Similar campaigns of terror occurred wherever and whenever the military left. In Georgia, Congress briefly pulled back the military after its first biracial elections in 1868. The result? Elected white officials refused to sit their elected black colleagues while 400 white vigilantes massacred 20 black men for marching in a political parade. Throughout the South, whites immediately voted black and white Republicans out of office, electing dozens of klansmen in their place.
Democracy when it came, would be through the blacks themselves and their Civil Rights movement a century later. So the last time I saw the Confederate version of the St Andrews Cross was in the film Selma, where it was waved by a lot of thugs at the Civil Rights activists marching to Montgomery.

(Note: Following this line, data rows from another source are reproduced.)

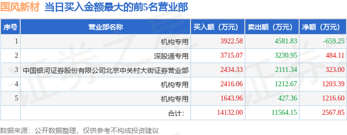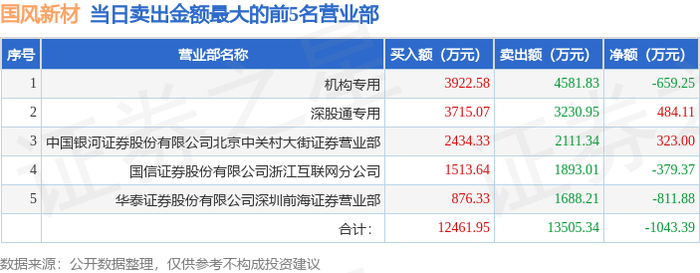 证券之星消息,沪深交易所2025年12月4日公布的交易公开信息显示,国风新材(000859)因日跌幅偏离值达到7%的前5只证券登上龙虎榜。此次是近5个交易日内第3次上榜。
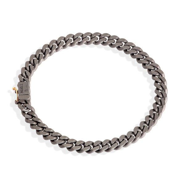 Bracciale uomo linea groumette in titanio e oro rosso 18 kt. Splendido bracciale con catena groumette in titanio e oro rosso 18 kt. La catena groumette in titanio è l'elemento principe del bracciale che termina con una pratica chiusura in titanio impreziosita da un otto di sicurezza in oro rosso 18 kt. Il testimonial del marchio MANO|J., il brillante black da 1 punto è incastonato sopra la chiusura groumette.Un prezioso ed importante gioiello firmato MANO|J. dove il diamante black e la leggerezza del titanio sono i veri protagonisti.
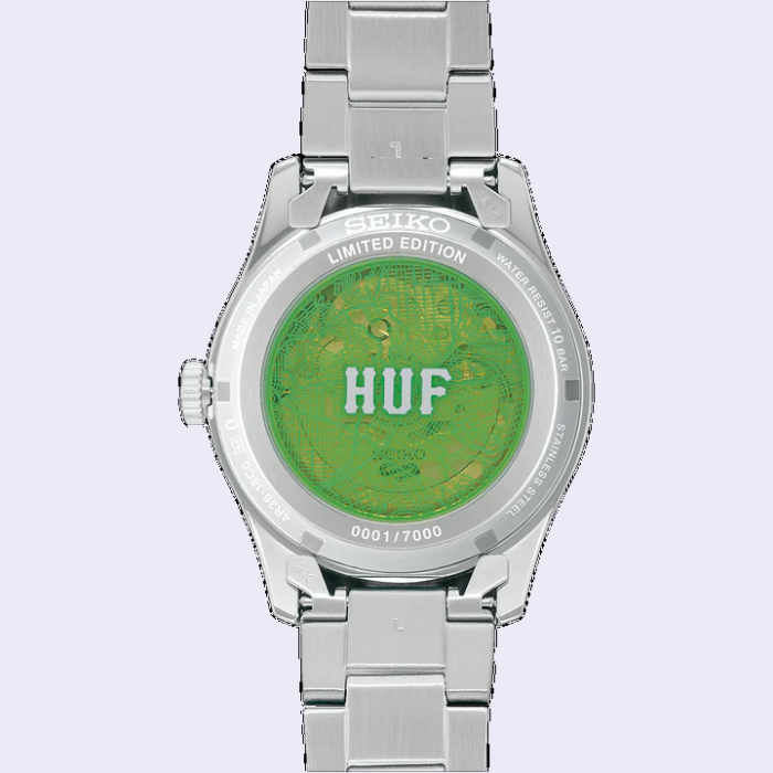 1970年代のセイコーのアーカイブモデル「タイムソナー」に着想を得ており、HUFグリーンの半透明ダイヤルが特徴です。ダイヤルの6時位置にはHUFのロゴが配置されています。キャリバー4R36搭載、パワーリザーブは約41時間です。世界限定7,000本で販売されており、シースルーの裏蓋にはシリアルナンバーとサンフランシスコをイメージしたグラフィックが刻印されています。
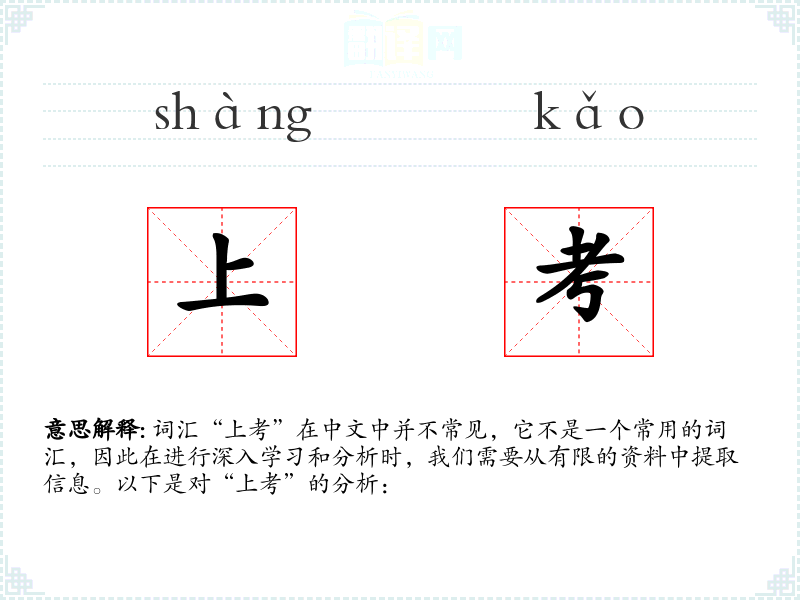由于“上考”不是一个常用词汇,它在现代汉语中的使用非常有限。在古代文献或特定的专业领域(如历史研究)中,可能会出现这个词,用以描述对历史人物或**的深入考察。
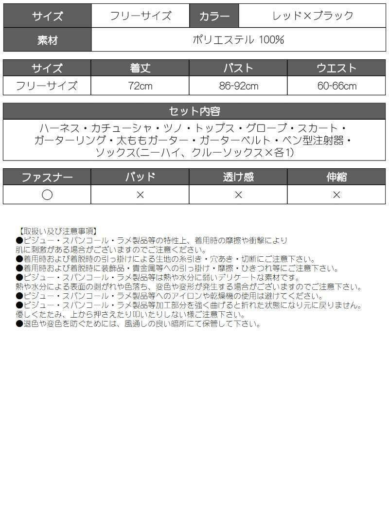セット内容:カチューシャ・ツノ・トップス・スカート・ハーネス・グローブ・ガーターリング・ペン型注射器・ソックス(ニーハイ、クルーソックス×各1)・太ももガーター・ガーターベルト
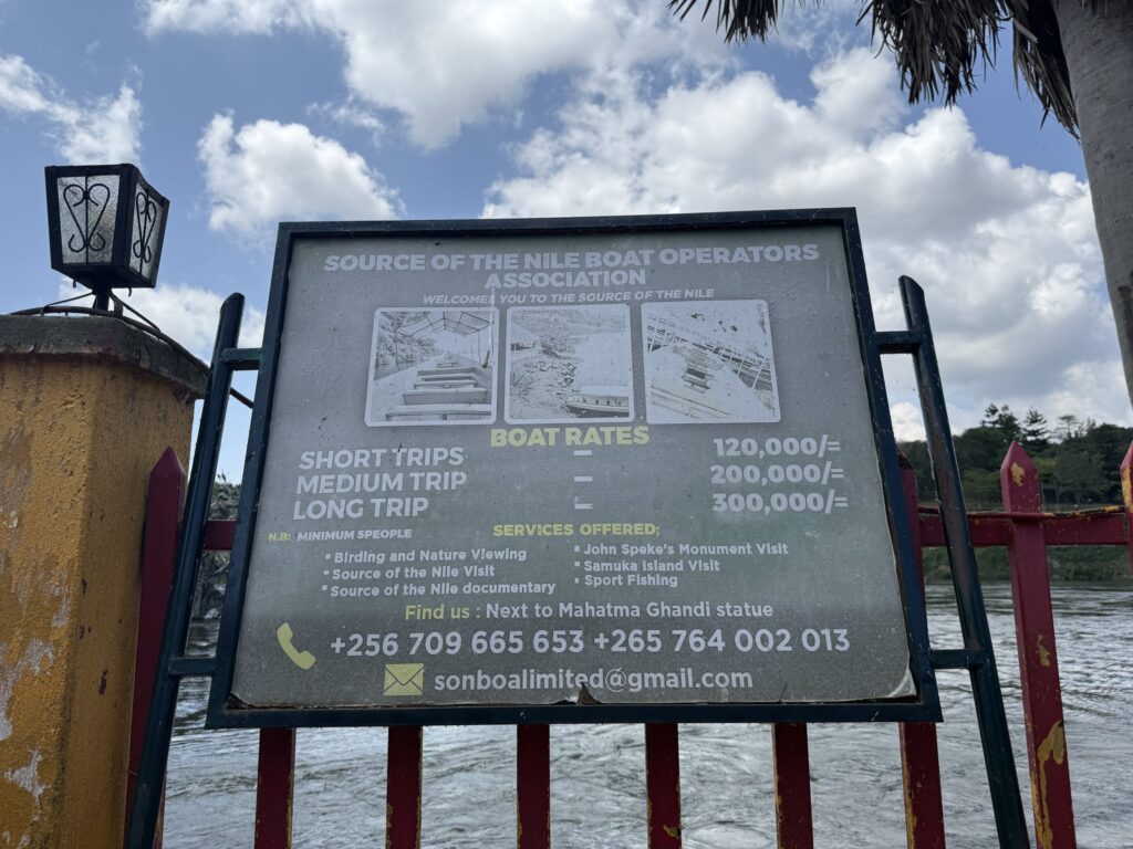 ジンジャでは、ナイル川の源流をボートで見に行くツアーが人気です。お手頃な値段であれば、私たちも参加してみたいと思っていました。
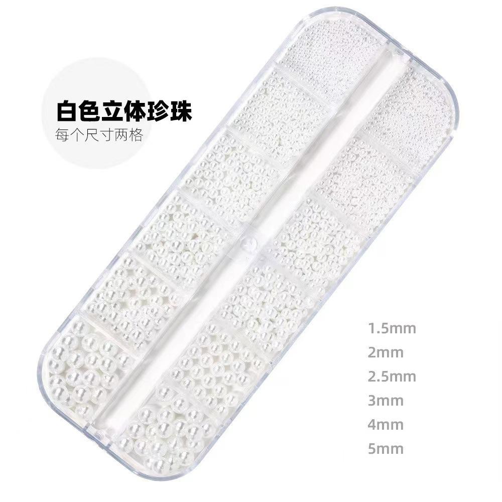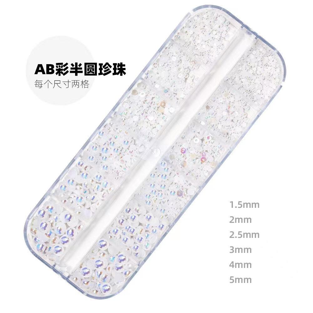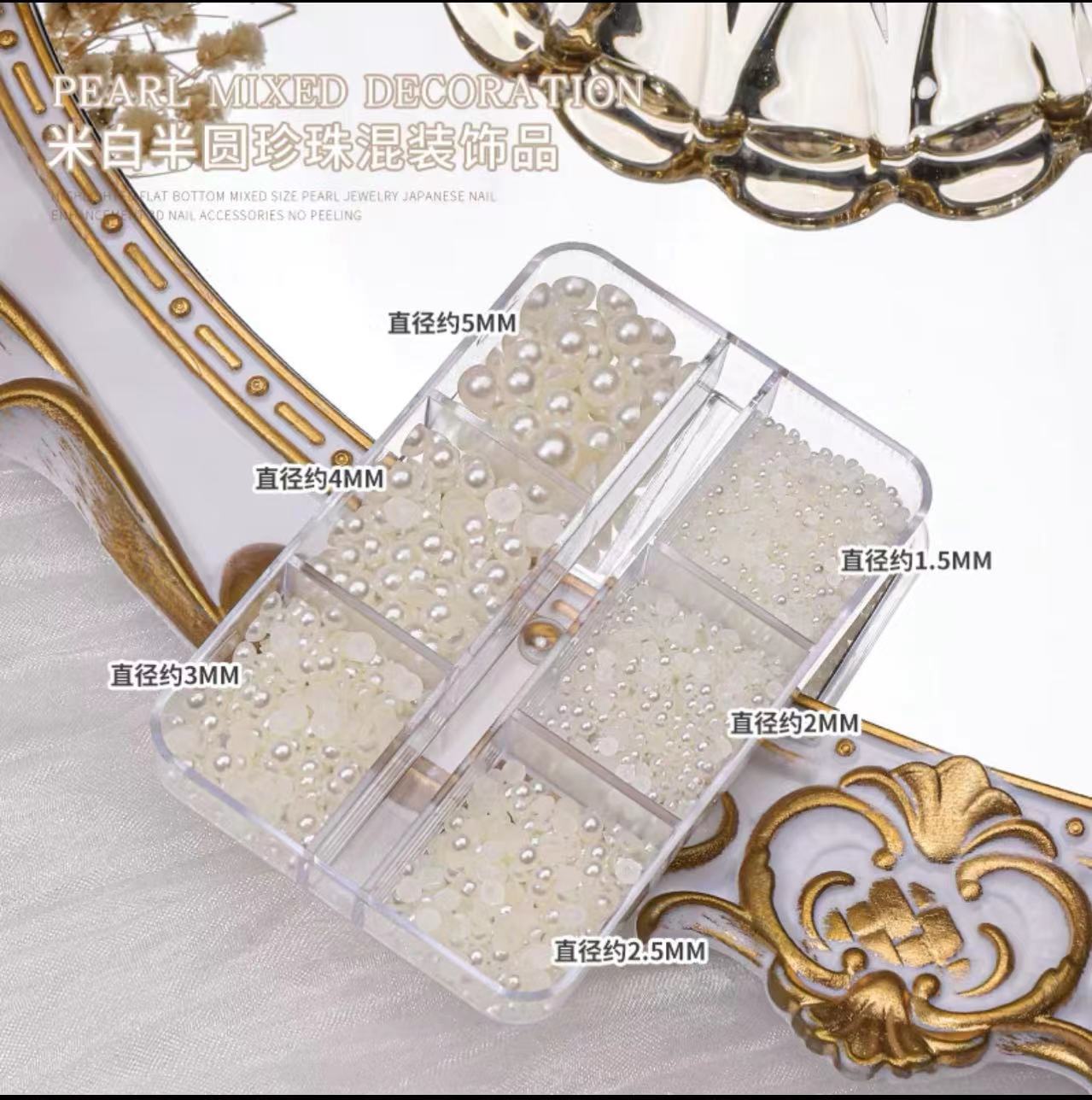 Joyería de perlas para uñas de estilo japonés, semicírculo beige, 12 cuadrículas, alto brillo, tamaño mixto, accesorios de decoración para uñas tridimensionales, nuevo

On the 150th anniversary the song The Night they drove old Dixie down went on to Facebook, and for its 5 minutes I could think “tragedy” instead of “well-deserved thrashing. “
In the way of a good ballad it tells as much in its three verses as a novel would do in 300 pages, of the displaced Southerner Virgil Caine. Stoneman’s cavalry tears up the railway tracks – well, this was the first railroad war. Virgil Caine goes back to chopping wood and working the land – the rural south vs the industrialised north. The proud and brave older brother in his grave by eighteen haunts like the thousands images we see of the young soldiers in this much photographed war. When I read Edmund Wilson’s great anthology of Civil War writings, Patriotic Gore, the good grammatical plain English and excellent hand-writing of ordinary people in the nineteenth century as well as of generals like Sherman and Grant were familiar. Those Anglos in a plantation colony are recognisable kin.
What I know of this war is through my heart and mind but Americans must feel it in their blood and bones. What do they make of it? Or has it become something like the Napoleonic Wars – interesting, but distant and unfelt. It nearly half a century since The Band sang that song in The Last Waltz.
Gene adds: I took this photo this morning about a mile-and-a-half from where I live in Lexington Virginia:
Lexington is the burial location of Robert E. Lee and Stonewall Jackson. Lee is buried in a chapel at Washington and Lee University, where he served as president after the war and where my niece is now a professor.
Lexington is a largely liberal and Democratic town surrounded by much more conservative and Republican rural areas. A few years ago the city council voted to allow the display only of the United States and Commonwealth of Virginia flags, effectively banning the display of Confederate flags on city property and causing outrage among groups such as the Sons of Confederate Veterans.
More recently the removal of a Confederate flag from the Lee Chapel caused another brouhaha.
Living in Lexington is a constant reminder of William Faulkner’s truism: “The past is never dead. It’s not even past.”